Everything in the listing below except the pictures should be reproduced exactly.
====== Data excerpts ======
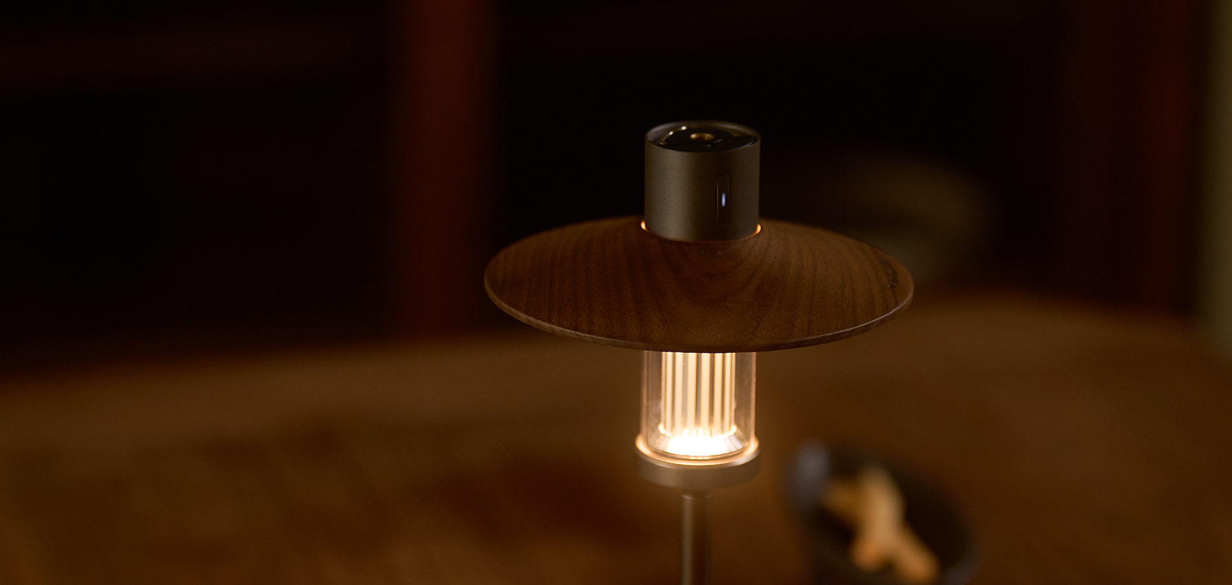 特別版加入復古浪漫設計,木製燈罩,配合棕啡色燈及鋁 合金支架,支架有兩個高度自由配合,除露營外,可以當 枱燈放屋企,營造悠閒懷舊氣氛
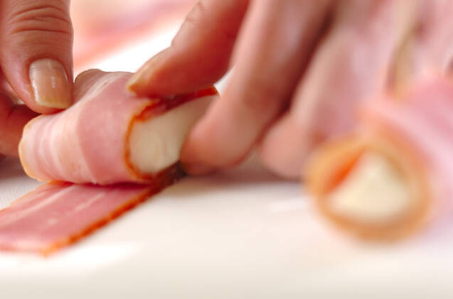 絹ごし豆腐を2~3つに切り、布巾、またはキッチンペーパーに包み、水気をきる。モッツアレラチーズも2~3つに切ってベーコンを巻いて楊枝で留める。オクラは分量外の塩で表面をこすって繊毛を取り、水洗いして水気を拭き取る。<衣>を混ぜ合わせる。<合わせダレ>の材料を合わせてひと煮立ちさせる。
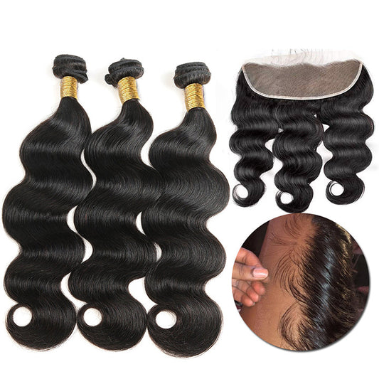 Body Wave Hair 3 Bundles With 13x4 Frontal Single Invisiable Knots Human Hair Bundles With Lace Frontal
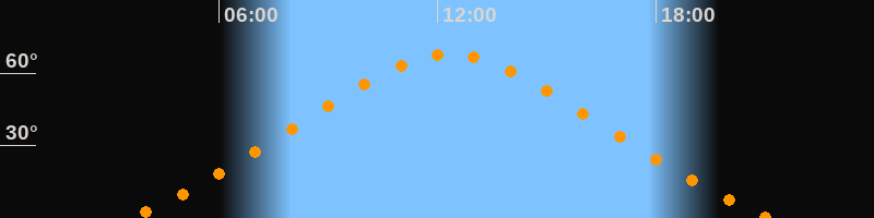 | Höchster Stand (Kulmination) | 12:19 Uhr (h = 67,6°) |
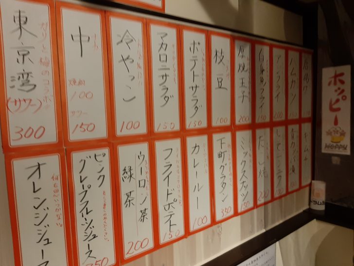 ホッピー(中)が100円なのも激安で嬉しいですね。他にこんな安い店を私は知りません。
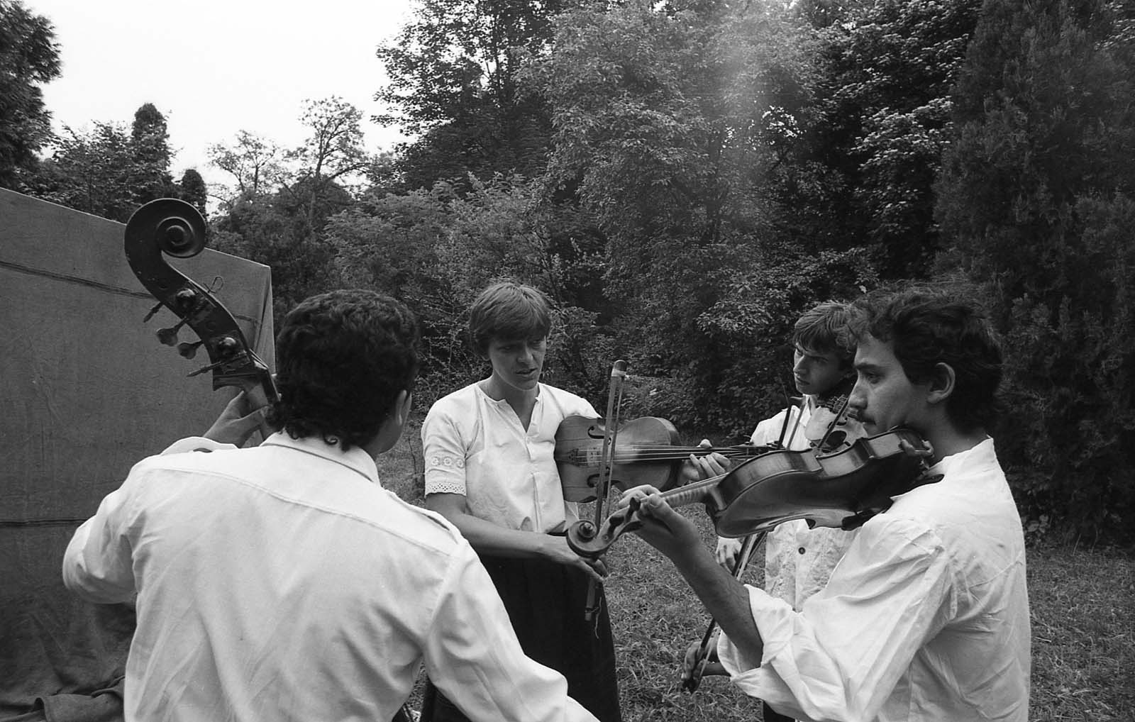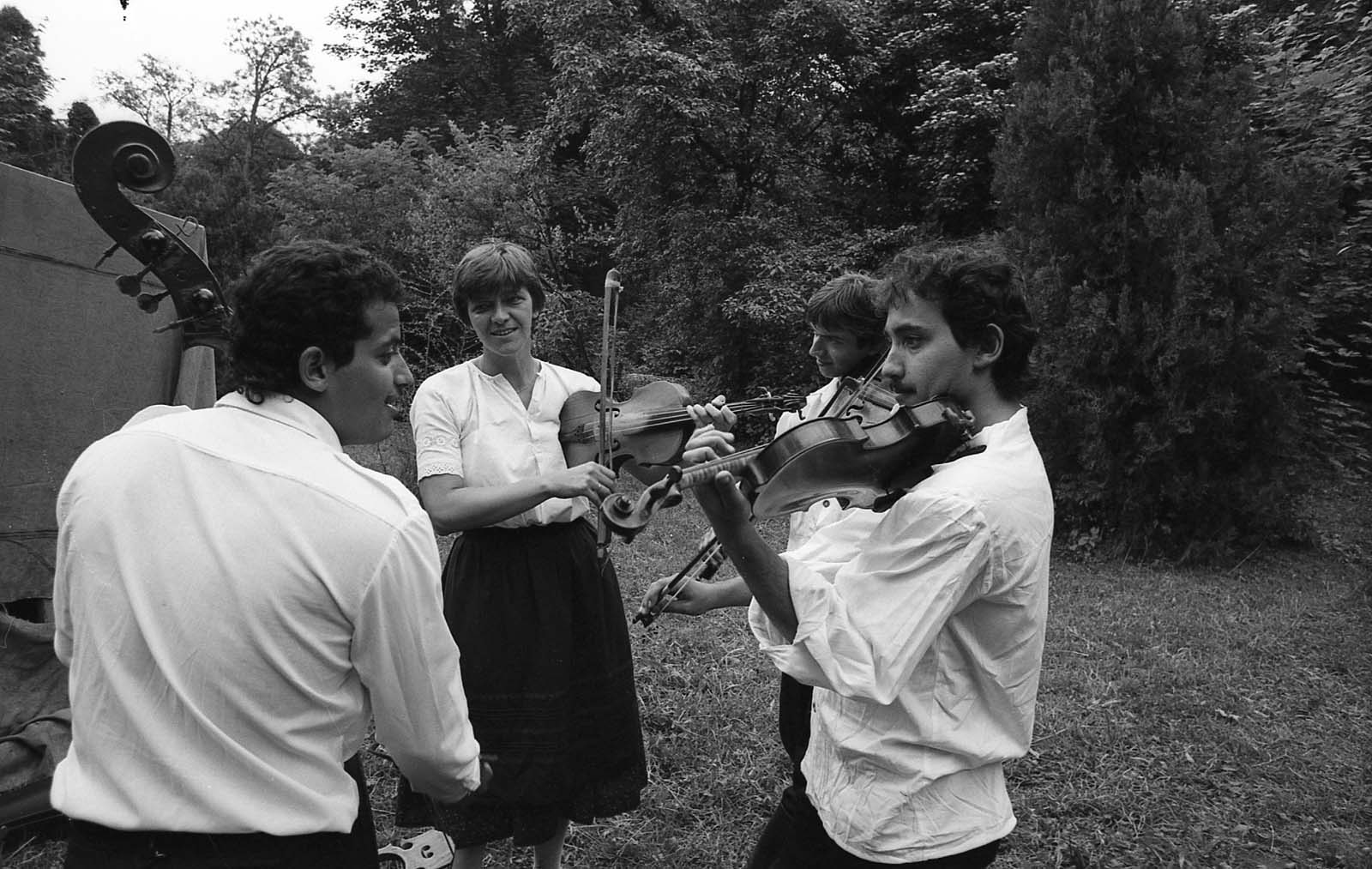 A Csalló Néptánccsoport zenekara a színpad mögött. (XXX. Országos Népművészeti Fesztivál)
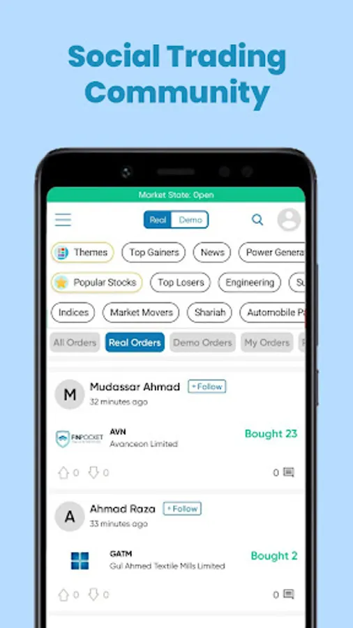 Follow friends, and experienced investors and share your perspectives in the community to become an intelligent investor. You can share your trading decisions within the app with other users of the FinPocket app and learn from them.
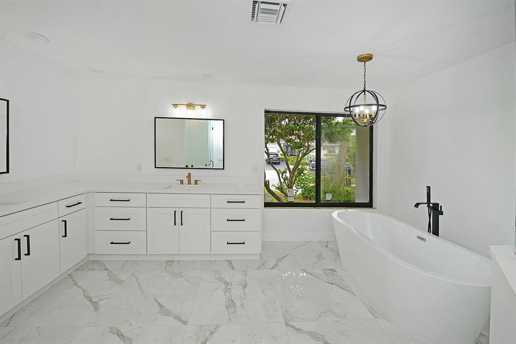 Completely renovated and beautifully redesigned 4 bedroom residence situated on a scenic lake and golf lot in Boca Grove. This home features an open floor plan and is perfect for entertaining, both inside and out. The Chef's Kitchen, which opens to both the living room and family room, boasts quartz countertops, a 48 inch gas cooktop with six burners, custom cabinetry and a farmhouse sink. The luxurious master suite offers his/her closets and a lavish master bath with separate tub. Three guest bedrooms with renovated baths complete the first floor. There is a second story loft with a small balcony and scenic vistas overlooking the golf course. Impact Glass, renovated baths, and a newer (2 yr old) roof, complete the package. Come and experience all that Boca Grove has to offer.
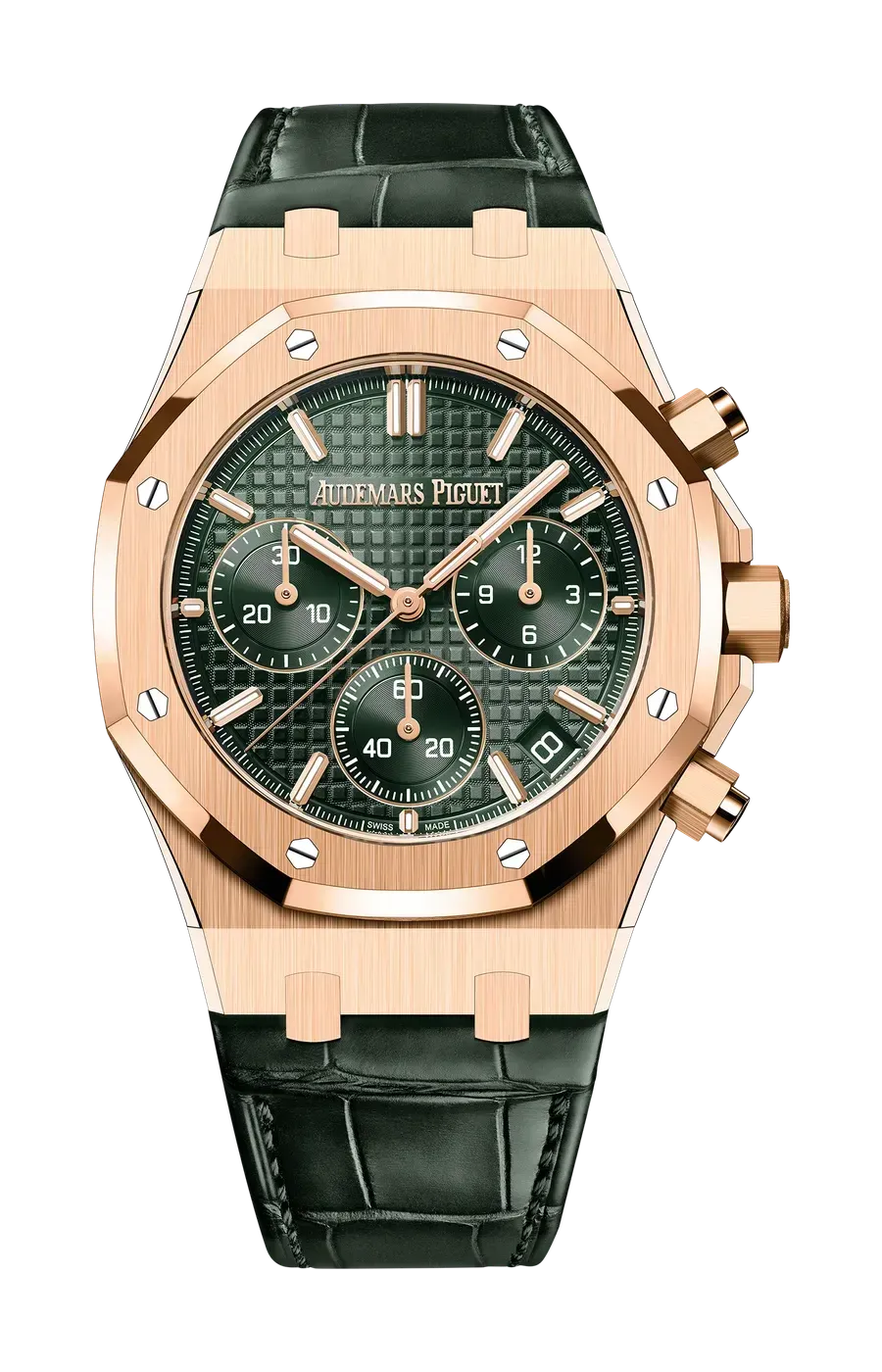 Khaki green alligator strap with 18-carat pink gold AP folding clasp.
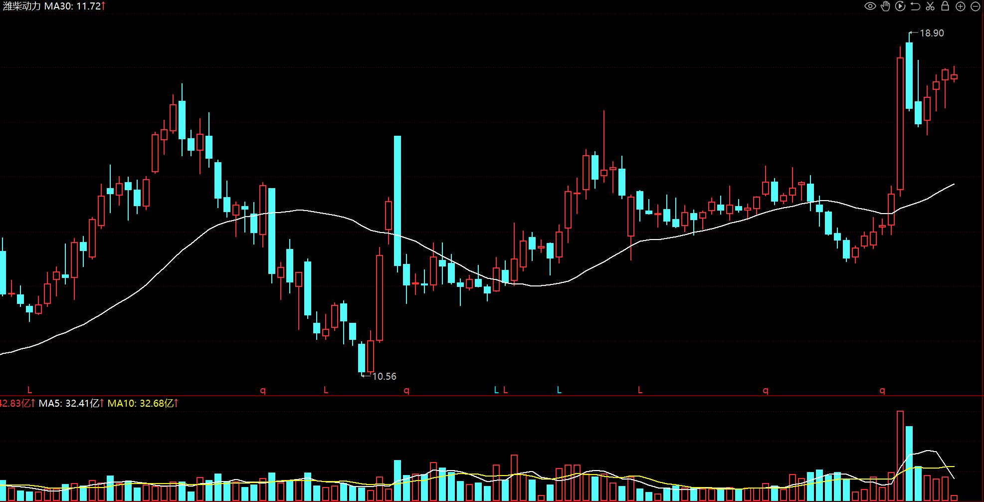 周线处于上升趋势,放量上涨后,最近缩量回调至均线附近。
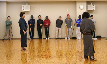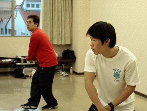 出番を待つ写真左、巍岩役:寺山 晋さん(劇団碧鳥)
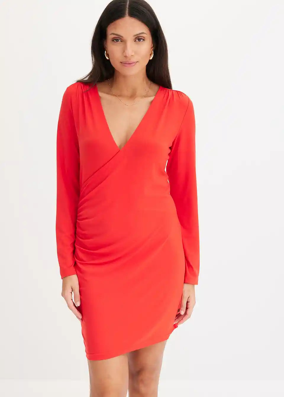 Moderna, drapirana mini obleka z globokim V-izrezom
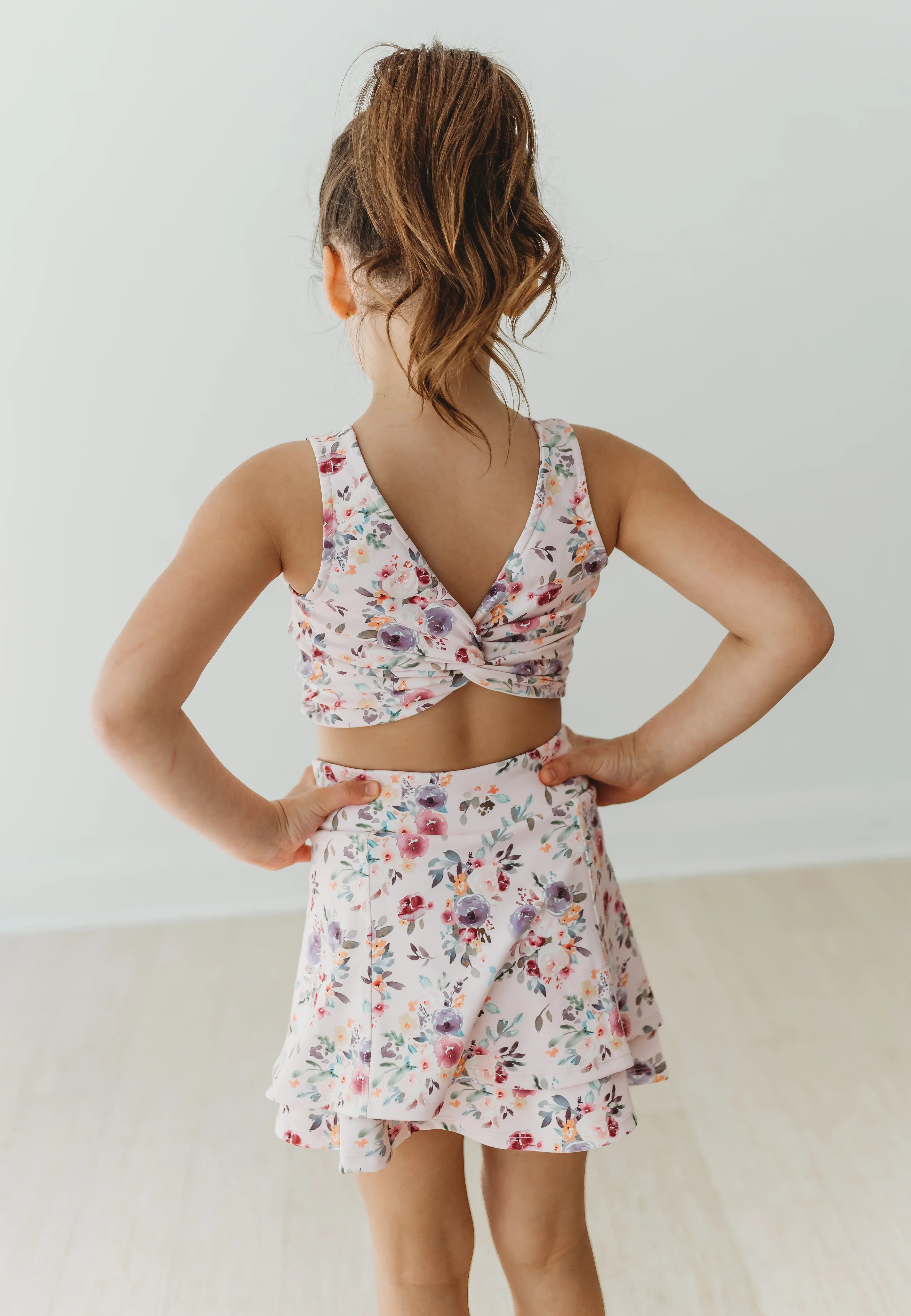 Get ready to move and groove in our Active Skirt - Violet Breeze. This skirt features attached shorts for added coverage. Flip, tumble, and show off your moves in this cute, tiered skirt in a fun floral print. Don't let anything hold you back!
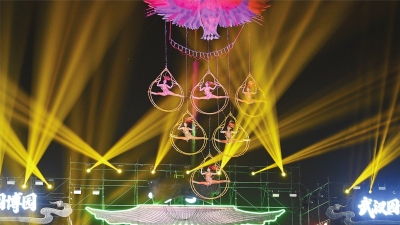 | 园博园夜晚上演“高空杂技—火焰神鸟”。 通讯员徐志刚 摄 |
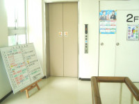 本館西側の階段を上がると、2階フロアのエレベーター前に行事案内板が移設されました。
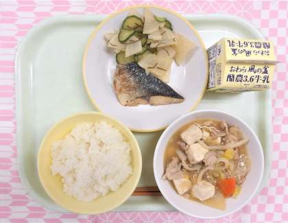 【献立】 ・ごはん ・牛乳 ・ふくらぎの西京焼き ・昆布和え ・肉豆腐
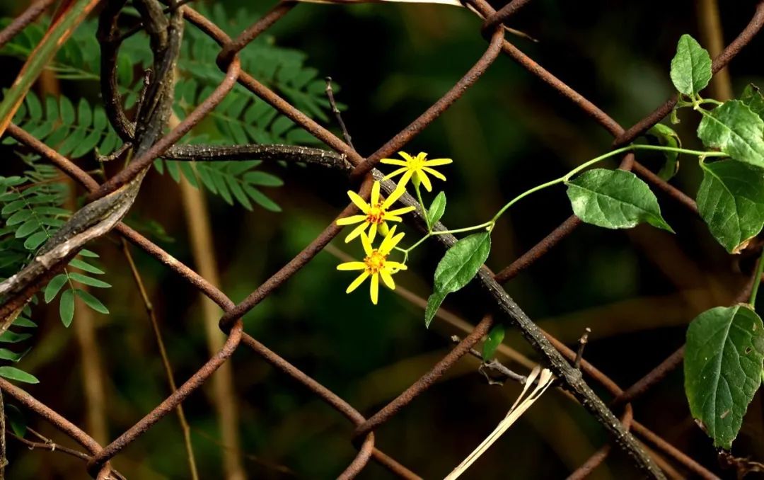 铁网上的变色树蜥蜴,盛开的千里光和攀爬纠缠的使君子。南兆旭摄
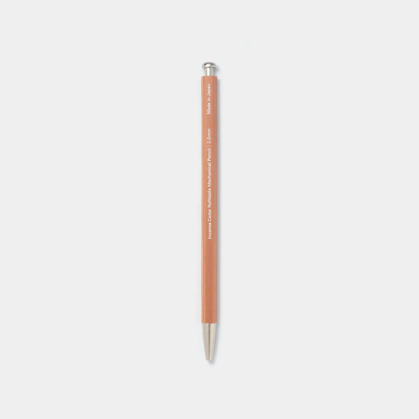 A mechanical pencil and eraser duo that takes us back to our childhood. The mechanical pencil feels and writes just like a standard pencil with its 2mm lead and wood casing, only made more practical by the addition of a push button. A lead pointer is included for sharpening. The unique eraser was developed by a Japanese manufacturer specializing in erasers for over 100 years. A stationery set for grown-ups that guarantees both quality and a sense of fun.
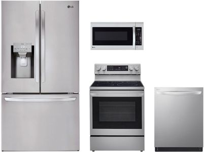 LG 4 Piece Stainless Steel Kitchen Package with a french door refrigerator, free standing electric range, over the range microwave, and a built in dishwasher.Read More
======
Result:
 特別版加入復古浪漫設計,木製燈罩,配合棕啡色燈及鋁 合金支架,支架有兩個高度自由配合,除露營外,可以當 枱燈放屋企,營造悠閒懷舊氣氛
 絹ごし豆腐を2~3つに切り、布巾、またはキッチンペーパーに包み、水気をきる。モッツアレラチーズも2~3つに切ってベーコンを巻いて楊枝で留める。オクラは分量外の塩で表面をこすって繊毛を取り、水洗いして水気を拭き取る。<衣>を混ぜ合わせる。<合わせダレ>の材料を合わせてひと煮立ちさせる。
 Body Wave Hair 3 Bundles With 13x4 Frontal Single Invisiable Knots Human Hair Bundles With Lace Frontal
 | Höchster Stand (Kulmination) | 12:19 Uhr (h = 67,6°) |
 ホッピー(中)が100円なのも激安で嬉しいですね。他にこんな安い店を私は知りません。
 A Csalló Néptánccsoport zenekara a színpad mögött. (XXX. Országos Népművészeti Fesztivál)
 Follow friends, and experienced investors and share your perspectives in the community to become an intelligent investor. You can share your trading decisions within the app with other users of the FinPocket app and learn from them.
 Completely renovated and beautifully redesigned 4 bedroom residence situated on a scenic lake and golf lot in Boca Grove. This home features an open floor plan and is perfect for entertaining, both inside and out. The Chef's Kitchen, which opens to both the living room and family room, boasts quartz countertops, a 48 inch gas cooktop with six burners, custom cabinetry and a farmhouse sink. The luxurious master suite offers his/her closets and a lavish master bath with separate tub. Three guest bedrooms with renovated baths complete the first floor. There is a second story loft with a small balcony and scenic vistas overlooking the golf course. Impact Glass, renovated baths, and a newer (2 yr old) roof, complete the package. Come and experience all that Boca Grove has to offer.
 Khaki green alligator strap with 18-carat pink gold AP folding clasp.
 周线处于上升趋势,放量上涨后,最近缩量回调至均线附近。
 出番を待つ写真左、巍岩役:寺山 晋さん(劇団碧鳥)
 Moderna, drapirana mini obleka z globokim V-izrezom
 Get ready to move and groove in our Active Skirt - Violet Breeze. This skirt features attached shorts for added coverage. Flip, tumble, and show off your moves in this cute, tiered skirt in a fun floral print. Don't let anything hold you back!
 | 园博园夜晚上演“高空杂技—火焰神鸟”。 通讯员徐志刚 摄 |
 本館西側の階段を上がると、2階フロアのエレベーター前に行事案内板が移設されました。
 【献立】 ・ごはん ・牛乳 ・ふくらぎの西京焼き ・昆布和え ・肉豆腐
 铁网上的变色树蜥蜴,盛开的千里光和攀爬纠缠的使君子。南兆旭摄
 A mechanical pencil and eraser duo that takes us back to our childhood. The mechanical pencil feels and writes just like a standard pencil with its 2mm lead and wood casing, only made more practical by the addition of a push button. A lead pointer is included for sharpening. The unique eraser was developed by a Japanese manufacturer specializing in erasers for over 100 years. A stationery set for grown-ups that guarantees both quality and a sense of fun.
 LG 4 Piece Stainless Steel Kitchen Package with a french door refrigerator, free standing electric range, over the range microwave, and a built in dishwasher.Read More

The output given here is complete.